The Hunt è un bel misto di riff e acuti power, ma di certo non passano inosservati accenti heavy/trash. L’album si potrebbe considerare diviso in due parti: la prima un po’ zoppicante dove il cantato del nuovo singer Juan Ricardo non appare ben amalgamato con il resto della band, i riff sono belli, ben architettati e ben eseguiti ma, quando arriva il momento di fondere il cantato con le veloci e graffianti chitarre e le pelli di Jeff Currenton, unico membro presente fin dagli albori, sembra mancare qualcosa. La voce di Juan in alcuni momenti risulta veramente acuta, al limite del possibile, e i restanti membri della band di Cleveland sfoggiano una buona tecnica e una qualità di suono piacevoli. Il momento clou di tutto il lavoro lo si ha all’arrivo di The Final Stand introdotta da Twilight’s End e chiusa da Fortune’s Fool - entrambi brani strumentali acustici ben eseguiti.

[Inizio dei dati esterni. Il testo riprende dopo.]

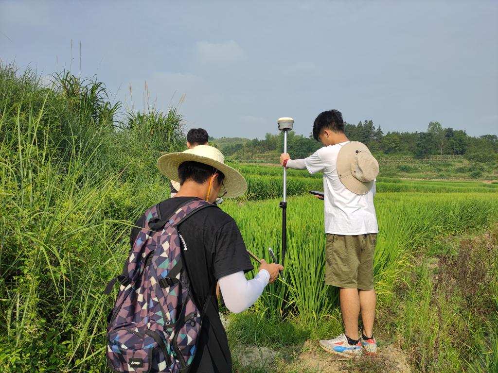 7月19日上午,实践团队应村支部的要求,测绘任务临时增加了一条大概在500-600米之间的目标水渠。实践团队分工合作,配合默契,共测绘标点538个、绘制草图12张。下午,在范志勇老师的带领指导下,实践团队根据新的测绘数据、草图以及当地地形,最终在电脑上绘制出沟渠及其周围的地形图。
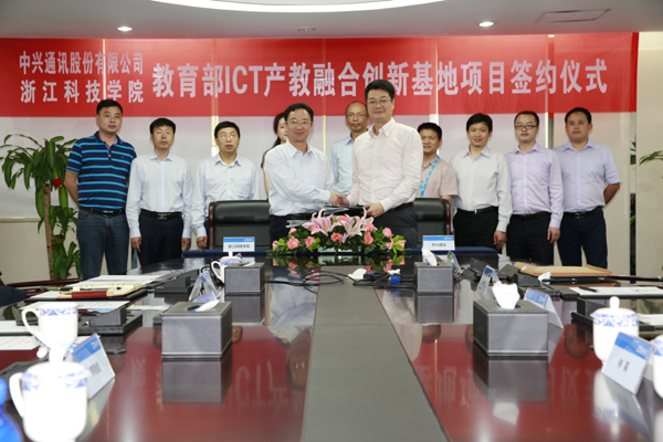 根据协议,学校与中兴通讯公司共同合作联合建设及运营“浙江科技学院—中兴通讯ICT产教融合创新基地”,以1:1方式共投入1000万元,共同培养面向ICT行业综合信息应用创新的云计算、3G/4G、物联网应用技术人才;共同建设企业信息化的行业应用技术研发和应用推广中心;共同打造华东地区领先的企业信息化应用体验中心及应用科研基地,以及中兴通讯华东地区企业信息化应用推广中心。
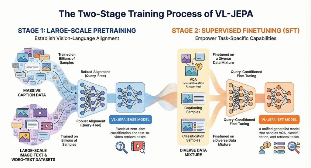 In the first stage, the model learns broad vision-language alignment using large-scale image-text and video-text datasets. This produces VL-JEPA_BASE, which excels at zero-shot tasks such as video classification and retrieval.
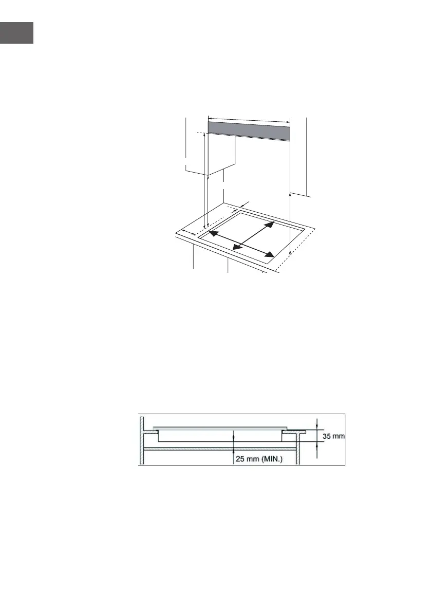 distancia mínima de 50 mm hacia el borde exterior de la placa de cocción.
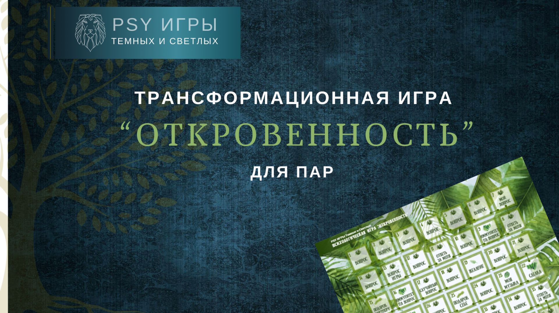Трансформационная психологическая игра от PSY ИГРЫ Темных и Светлых "Откровенность" - это уникальная техника работы с отношениями, когда есть желание узнать друг друга глубже, проиграть некоторые острые моменты, такие как отказы, сопротивление, договоренности. Другие игры можно найти на сайте люди-с.рф
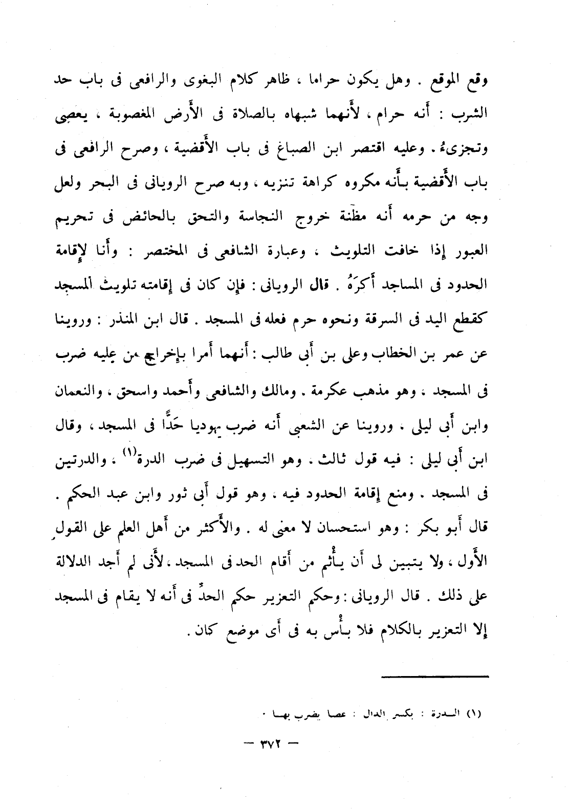 وقع الموقع، وهل يكون حراما، ظاهر كلام البغوي والرافعي في باب حد الشرب: أنه حرام، لأنهما شبهاه بالصلاة في الأرض المغصوبة، يعصي ويجزيء وعليه اقتصر ابن الصباغ في باب الأقضية، وصرح الرافعي في باب الأقضية بأنه مكروه كراهة تنزيه، وبه صرح الروياني في البحر ولعل وجه من حرمه أنه مظنة خروج النجاسة والتحق بالحائض في تحريم العبور إذا خافت التلويث، وعبارة الشافعي في المختصر، وأنا لإقامة الحدود في المساجد أكره، قال الروياني: فإن كان في إقامته تلويث المسجد كقطع اليد في السرقة ونحوه حرام فعله في المسجد، قال ابن المنذر: ورينا عن عمر بن الخطاب وعلى ابن طالب، أنهما أمرا بإخراج من عليه ضرب في المسجد، وهو مذهب عكرمة، ومالك والشافعي وأحمد وإسحاق، والنعمان وابن أبي ليلى، وروينا عن الشعبي أنه ضرب يهوديا حدا في المسجد، وقال ابن أبي ليىل، فيه قول ثالث: وهو التسهيل في ضرب الدرة، والدرتين في المسجد، ومنع إقامة الحدود فيه، وهو قول أبي ثور وابن عبد الحكم قال أبو بكر: وهو استحسان لا معنى له. والأكثر من أهل العلم على القول الأول، ولا يتبين لي أن يأثم من اقام الحد في المسجد لأني لم أجد الدلالة على ذلك، قال الروياني، وحكم التعزير حكم الحد في أنه لا يقام في المسجد إلا التعزير بالكلام فلا بأس به في أي موضع كان.
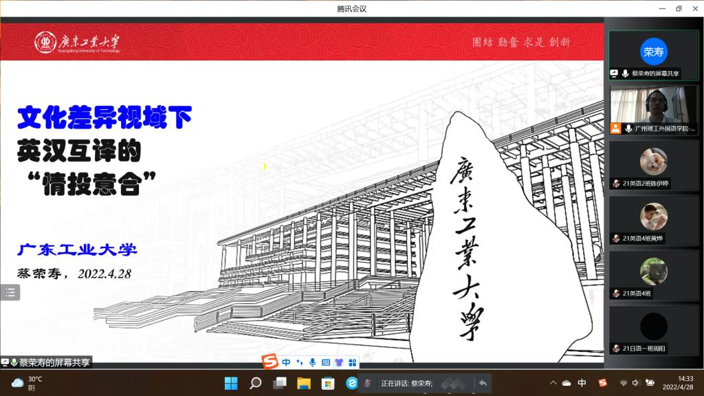 4月28日,我院特邀广东工业大学williamhill英国官网院长蔡荣寿教授于线上为我院全体学生开展了题为“文化差异视域下英汉互译的“情投意合”的学术讲座。
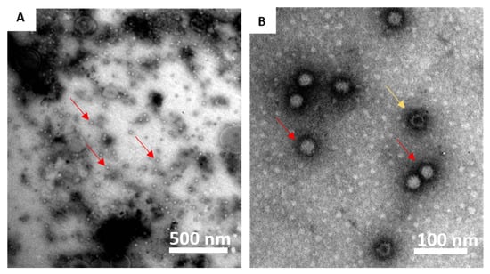 Transmission electron microscopy of the virus-like particles (VLPs) used in the experiments. Magnification: (A) 14,000×; (B) 110,000×. Some VLPs appeared to be packed, presumably with cytoplasmic material from the Pichia host cells (red arrows), while others were empty (yellow arrow). Photo credit: Istituto Zooprofilattico Sperimentale Venezie (IZSVe, Padua, Italy).
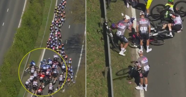 Tour des FlandresMathieu van der Poel ne va pas aborder le final de ce Tour des Flandres dans les meilleures conditions ! Le Néerlandais est en effet tombé à 126 km de l'arrivée, alors que le peloton venait d'aborder les premiers monts et que la nervosité commençait à monter. Plutôt mal placé en deuxième partie du peloton, le leader d'Alpecin-Deceuninck est allé au sol suite à une erreur d'un coureur EF Education-Easy Post, qui a provoqué cette chute et entraîné avec lui une dizaine de coureurs, dont Tim Wellens (UAE Emirates). Plus de peur que de mal pour MVDP, qui s'est relevé sans plus de conséquences et est reparti entouré de deux équipiers à un peu plus d'une minute du peloton avant l'Eikenberg. Le tenant du titre a pu opérer la jonction quelques kilomètres plus loin, au moment où la course commençait à s'animer. Reste désormais à savoir si cette chute lui portera préjudice ou non dans son duel attendu avec Tadej Pogacar...
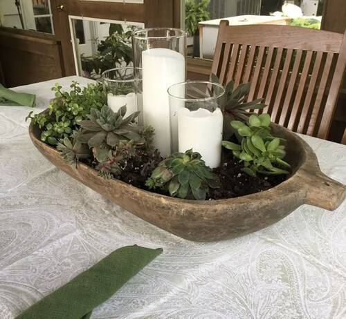 Fill your dough bowl with real succulents and place one or two candles in the center for a natural, living centerpiece.

Quest’ultima traccia strumentale potrebbe essere letta come brano d’apertura del successivo filotto di tracce che, come dicevamo in precedenza, cambiano impronta all’album, facendoci arrivare all’orecchio brani ben riusciti con la voce in stile Primal Fear e il resto della band che sfoggia finalmente tutto il suo repertorio, accostandosi come struttura dei riff ai grandi Metal Church.
Le tracce meglio riuscite e più di impatto sono The King In Red e Pierce the Veil, condite da riff pesanti che si avvicinano molto all’heavy metal e ci fanno dimenticare per un attimo che stiamo ascoltando un gruppo che ha, nelle sue corde, puro e semplice power metal. In alcuni passaggi si sentirà l’influenza maideniana sia per quanto riguarda la struttura delle tracce che della voce giungendo, poi, all’unica ballad che ricorda, come stile, il compianto Ronnie James Dio e che chiuderà il full-lenght del quintetto dell’Ohio.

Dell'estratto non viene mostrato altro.